IT Governance implementation has become indispensable for organizations aiming to manage their regulatory compliance as well as broader business governance functions. However the number of organizations actually implementing a formal IT Governance program and reaping benefits out of it is relatively modest. What makes it so?
We often hear these statements – Don’t we?
“We see IT Governance as an important issue, and we are carrying on an assessment of what is needed”
“We have put ad hoc measures in place till we decide on the final IT Governance framework”
“We are not getting the expected results; hence we are optimizing our IT Governance processes”
“We already have some well-defined IT Governance processes in place and are working on establishing a IT Governance program”
Wrong Processes
Wrong definition, interpretation, and implementation of processes that are in-built in the IT Governance framework may lead to scary results. Hence before deciding on your IT governance design, make sure to inspect your core work processes first. Lack of a solid core process is often the root of the problem. IT governance does work, but only when it is not clogged up with the processes that don’t fit its goals and when it is designed along with the processes it is supposed to help. Here’s a close look on possible mistakes and ways to avoid them:
IT governance as a separate set of overlays on the top of core day-to-day processes
Remediation
IT Governance should not be treated as a separate area needing attention; instead it should be integrated and managed consistently across the business. One should follow a bottom-up approach, not a top-down approach while implementing it.

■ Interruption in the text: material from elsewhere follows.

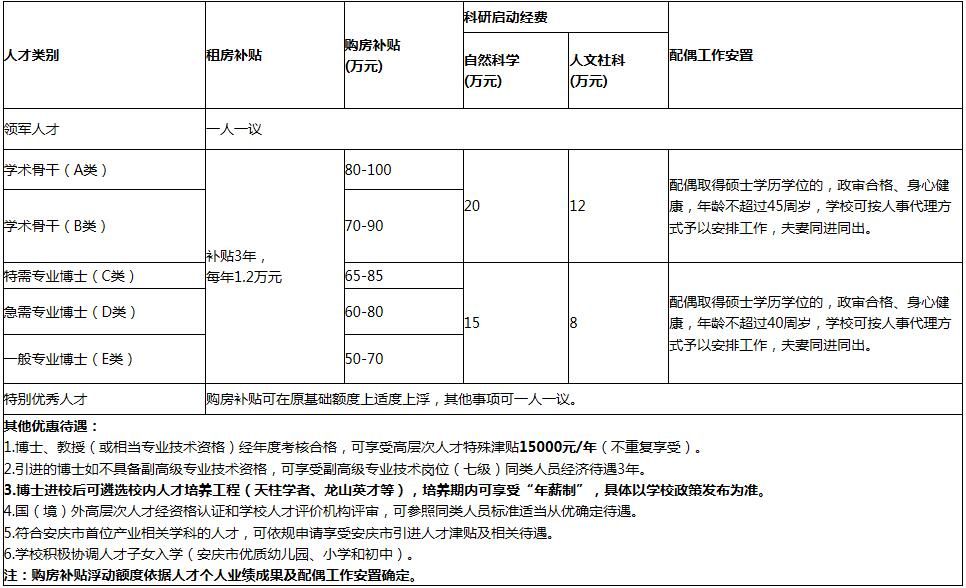 引进的全职高层次人才入安徽省事业单位编制,除了享受正常工资福利待遇外,学校还提供(租)购房补贴和科研启动经费等待遇,具体见下表:
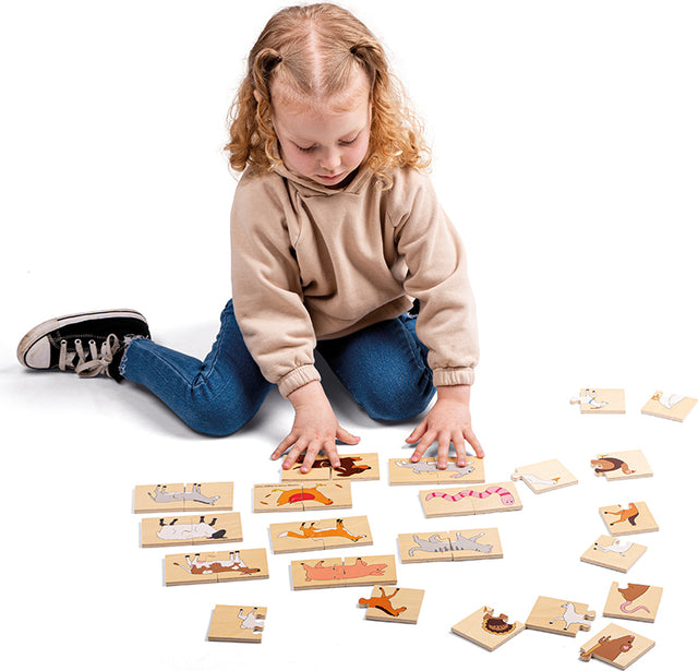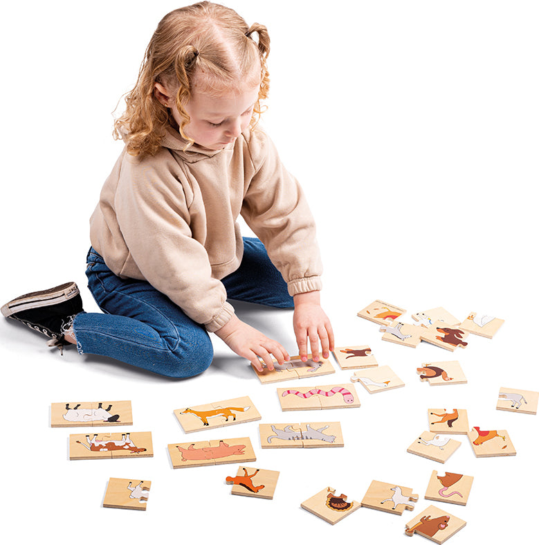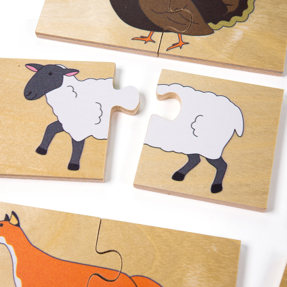 Learn all about different farm animals by correctly matching the wooden puzzle pieces together in this fun matching pairs game. The aim of the game is to match the correct heads and tails of the animals together. Each smooth wooden puzzle piece is generously sized for little hands to easily lift, grasp, examine and replace. Helps to develop hand/eye coordination, matching and animal recognition. It's also a great opportunity to teach children all about the different animal sounds. Made from high quality, responsibly sourced materials. Conforms to current European safety standards and has non-toxic paints and lacquers. 32 play pieces. 3 years +.

Improper authorization management
Remediation
SOX Compliance has enforced strong internal controls to operational levels but the big gap of provisioning still remains. A gap between pre-emptive and detective approach. There is control on the assignment of users to groups/roles/profiles in the IT systems. But the functions these groups, roles or profiles are allowed to do is defined and managed by someone else – the operator/administrator of these IT systems. These authorized people (operator/administrator/senior executives) are not under strong controls even now. Remember, who did wrong activities at Satyam/Enron/WorldCom? Operational level or Executive level?

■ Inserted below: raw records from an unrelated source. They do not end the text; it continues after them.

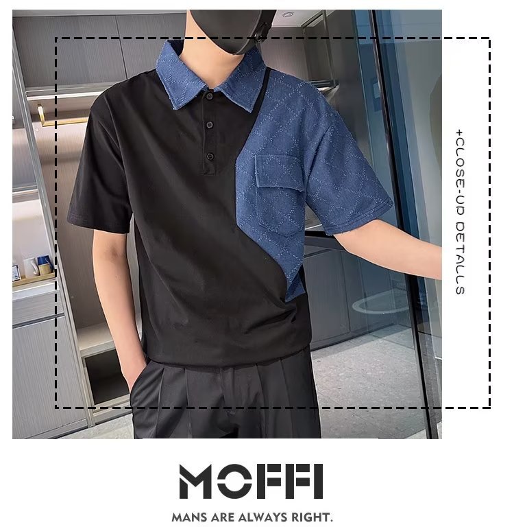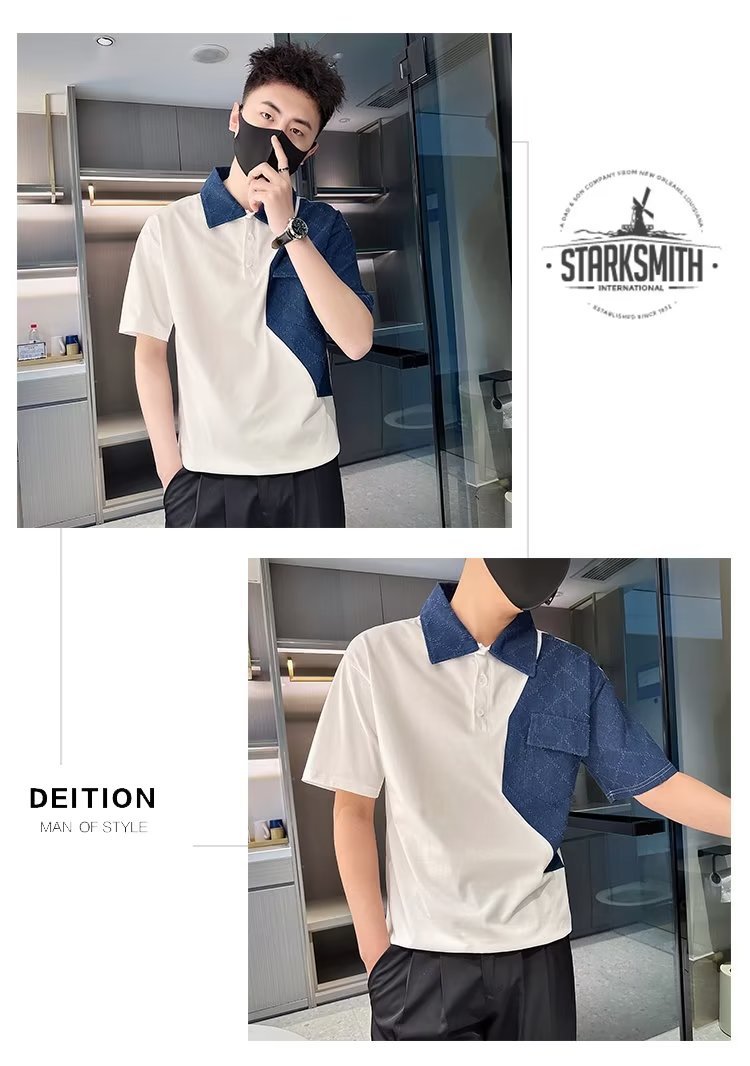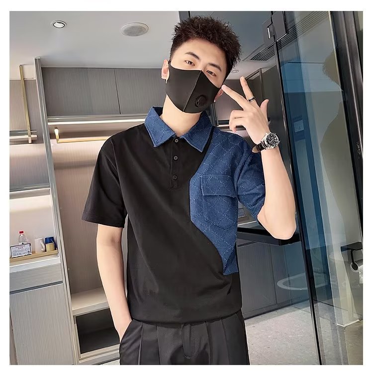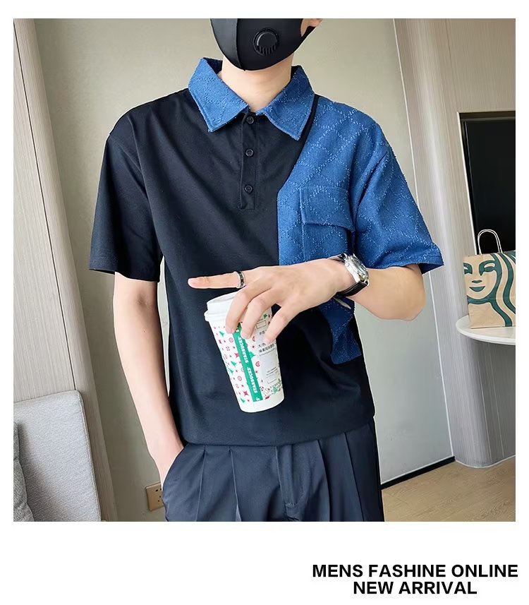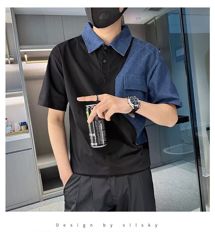Tendencia 2024 nueva moda social chico verano camiseta de manga corta camiseta masculina bordado camiseta de media manga solapa polo
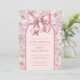 Un joli thème de baby shower arc rose fleuri et girly avec un adorable arc-en-ciel rose bébé avec un détail arc qui comprend plusieurs couleurs de rose. Un mélange de polices avec à la fois une typographie serif audacieuse et une police moderne simple. Célébrez la maman d'être dans le style ! Disponible en option plus rose bow. Vous pouvez changer les couleurs de police à ce que vous voulez. Vous pouvez également modifier la couleur arrière - plan sur l'avant et l'arrière ainsi que l'arc central et sa bordure. Derrière l'arc se trouve un motif floral rose aquarelle pour un peu de coquette. Aquarelle Fleurs Arch Cute Coquette Bow Rose Floral Fille Baby shower Invitation. Disponible sous forme d'invitation imprimée ou d'invitation numérique téléchargeable que vous pouvez envoyer par e-mail ou avoir imprimé localement !
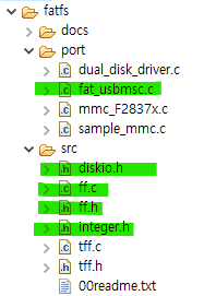 이 중에서 사용하는 건 port 폴더의 fat_usbmsc.c, src 폴더의 ff.c, ff.h, diskio.h, integer.h 뿐이다. 나머지는 삭제 또는 빌드제외 한다.
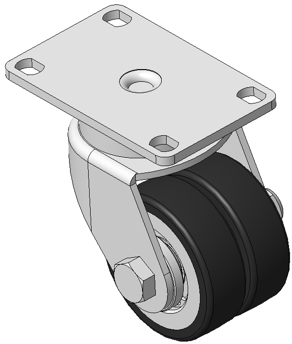 活动式脚轮,焊接钢板架,表面电镀 底板式安裝裝置,孔距75X45 铸铁制轮芯,高品质聚氨酯轮面,铣黑色 轮子轴承—特制的精密滾珠,降低运转阻力 ZQPU双轮,符合人体工学,更容易启动及转动 |
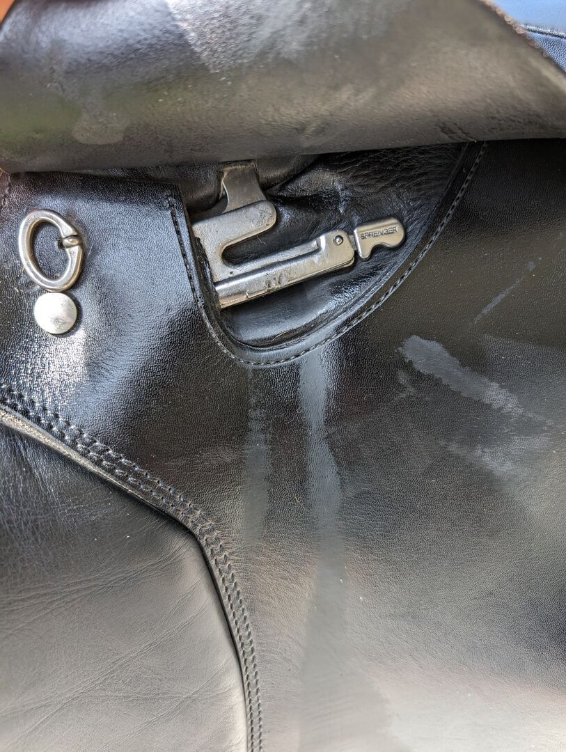 Sadeln var riden i ca ett halvår. Jag köpte den när den hade varit på hästen 5 gånger och panelerna ännu inte hade satt sig. Jag red den själv ungefär två gånger i veckan i 5 månader.
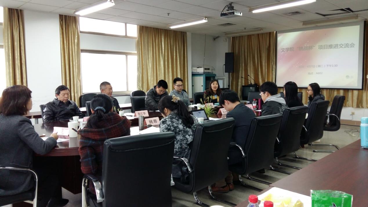 在德赢ac米兰官方合作vwin第十届“自强杯”大学生课外学术科技作品竞赛暨第十四届“挑战杯”全国竞赛学院选拔工作完成之际,为了给“挑战杯”申报团队提供针对性指导,更好地推进项目实施,文学院团委于4月7日下午,在宝山校区A602组织召开了“文学院‘挑战杯’项目推进交流会”。校团委副书记陆静、社会学院张江华教授莅临指导,文学院常务副院长张勇安、党委副书记王丽娜、团委书记丁佳蒙,三个参赛项目的指导教师文学院副院长曾军和姚蓉、罗小茗老师,以及项目团队学生代表出席了本次会议。会议由文学院党委副书记王丽娜主持。
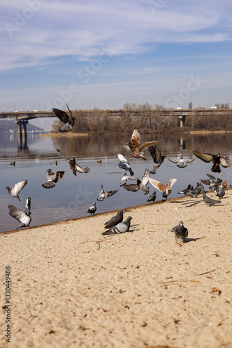 © Yuliia, Obraz premium pigeons on the beach

You should always keep that in mind, that internal controls for executive level are as important as they are for operational level and hence there should not be just a single level but a multi-level authorization, starting with the system admin (who confirms that groups, roles, or profiles) whether he has the correct access rights at that level? This will avoid the occurring of an instance where any access right is granted which later on has to be revoked.
Over-reliance on a single preventive or detective control
Remediation
Instead of stacking more of a particular type of control regime, the organization should focus on developing and implementing a portfolio of controls. That way, if one control fails or is subverted, an independent control serves as a safety net.
For instance organizations should augment manual review of user account and access rights provisioning/re-provisioning/de-provisioning with a detective control. This enables them to compare actual user access with authorized users and permissions thus eliminating the possibility of any security breach.